| Task input |
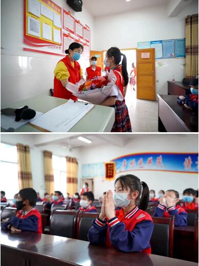 15时许,前进小学门口,孩子们用庄严的队礼欢迎援鄂抗疫英雄王青的到来。
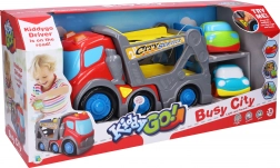 Med dette Kiddy autotransporter-sæt får børn masser af realistisk leg. Transporteren med to platforme og vipbar rampe gør det let at laste de medfølgende biler, mens lys- og lydeffekter giver en autentisk stemning. Takket være friløbshjulene bevæger køretøjerne sig glat hen over gulvet.
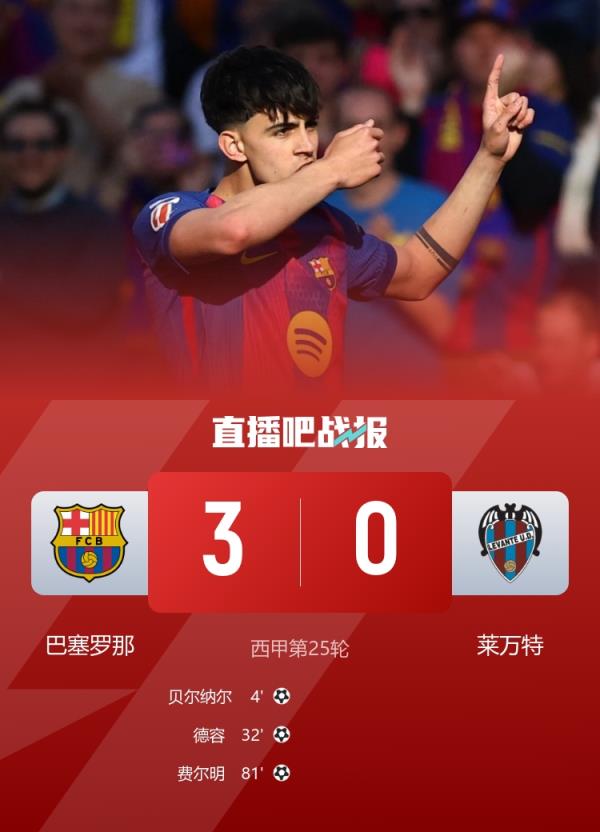 西甲第25轮,巴塞罗那3-0莱万特,贝尔纳尔、德容、费尔明进球。
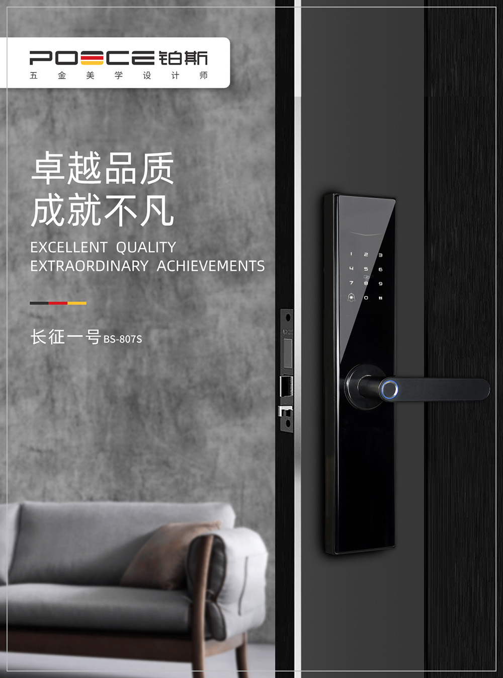 鉑斯長(zhǎng)征一號(hào)BS-807S智能鎖是我公司新一代產(chǎn)品,適用于鐵門(mén),鋼門(mén),木門(mén)
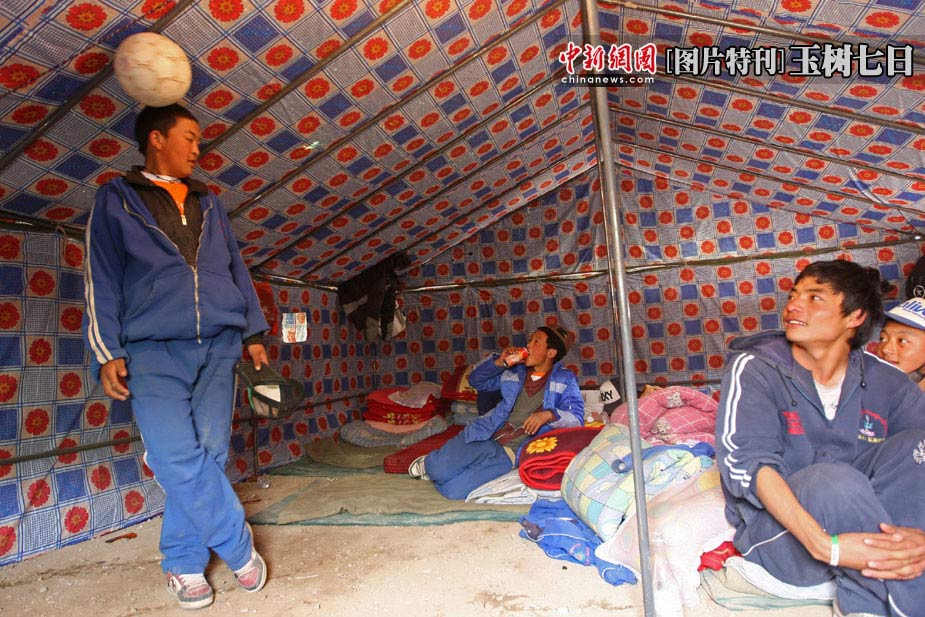 2010年4月19日,青海玉树县结古镇玉树县第一民族中学的学生宿舍帐篷内,德尕扎西(左)在其他同学面前表演球技,称自己是“C罗”。中新社发 盛佳鹏 摄
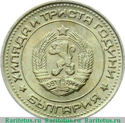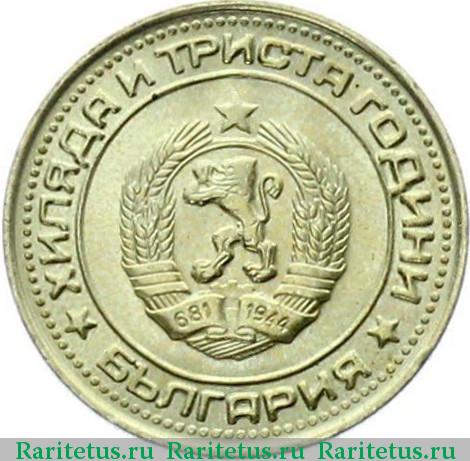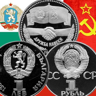 Со своей стороны, Болгария выпустила монету с точно таким же оформлением реверса номиналом 1 лев. В обычном качестве отчеканили 220 800 штук. Ещё 50 000 экземпляров добавили к основному тиражу в качестве «Proof». Сейчас трудно поверить, но был период, когда лев «Дружба навеки» стоил у продавцов дешевле такого же рубля. Поэтому при покупке монет в планшетном альбоме приходилось проверять «Дружбу» на аверс, чтобы не обнаружить там символику НРБ. Официальное название болгарской монеты длиннее советского – «1300 лет Болгарии - советско-болгарская дружба».
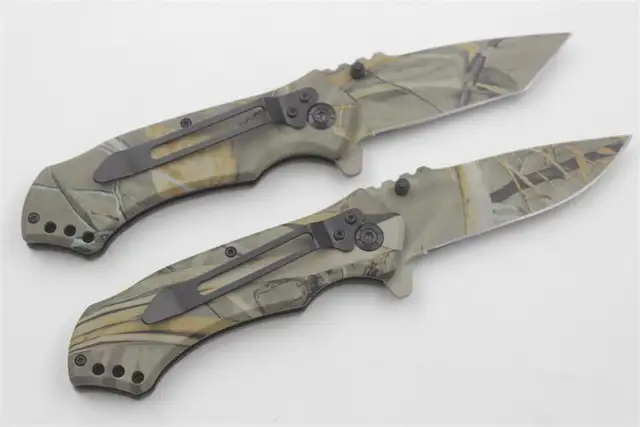 | [해외] 야외 위장 전술 사냥 파이팅 접는 칼 군사 생존 도구 캠핑 과일 칼 |

| Your objective |
Should a record include a picture, omit it from your copy and return the rest unchanged.

| Exercise response |
 15时许,前进小学门口,孩子们用庄严的队礼欢迎援鄂抗疫英雄王青的到来。
 Med dette Kiddy autotransporter-sæt får børn masser af realistisk leg. Transporteren med to platforme og vipbar rampe gør det let at laste de medfølgende biler, mens lys- og lydeffekter giver en autentisk stemning. Takket være friløbshjulene bevæger køretøjerne sig glat hen over gulvet.
 西甲第25轮,巴塞罗那3-0莱万特,贝尔纳尔、德容、费尔明进球。
 鉑斯長(zhǎng)征一號(hào)BS-807S智能鎖是我公司新一代產(chǎn)品,適用于鐵門(mén),鋼門(mén),木門(mén)
 2010年4月19日,青海玉树县结古镇玉树县第一民族中学的学生宿舍帐篷内,德尕扎西(左)在其他同学面前表演球技,称自己是“C罗”。中新社发 盛佳鹏 摄
 Со своей стороны, Болгария выпустила монету с точно таким же оформлением реверса номиналом 1 лев. В обычном качестве отчеканили 220 800 штук. Ещё 50 000 экземпляров добавили к основному тиражу в качестве «Proof». Сейчас трудно поверить, но был период, когда лев «Дружба навеки» стоил у продавцов дешевле такого же рубля. Поэтому при покупке монет в планшетном альбоме приходилось проверять «Дружбу» на аверс, чтобы не обнаружить там символику НРБ. Официальное название болгарской монеты длиннее советского – «1300 лет Болгарии - советско-болгарская дружба».
 | [해외] 야외 위장 전술 사냥 파이팅 접는 칼 군사 생존 도구 캠핑 과일 칼 |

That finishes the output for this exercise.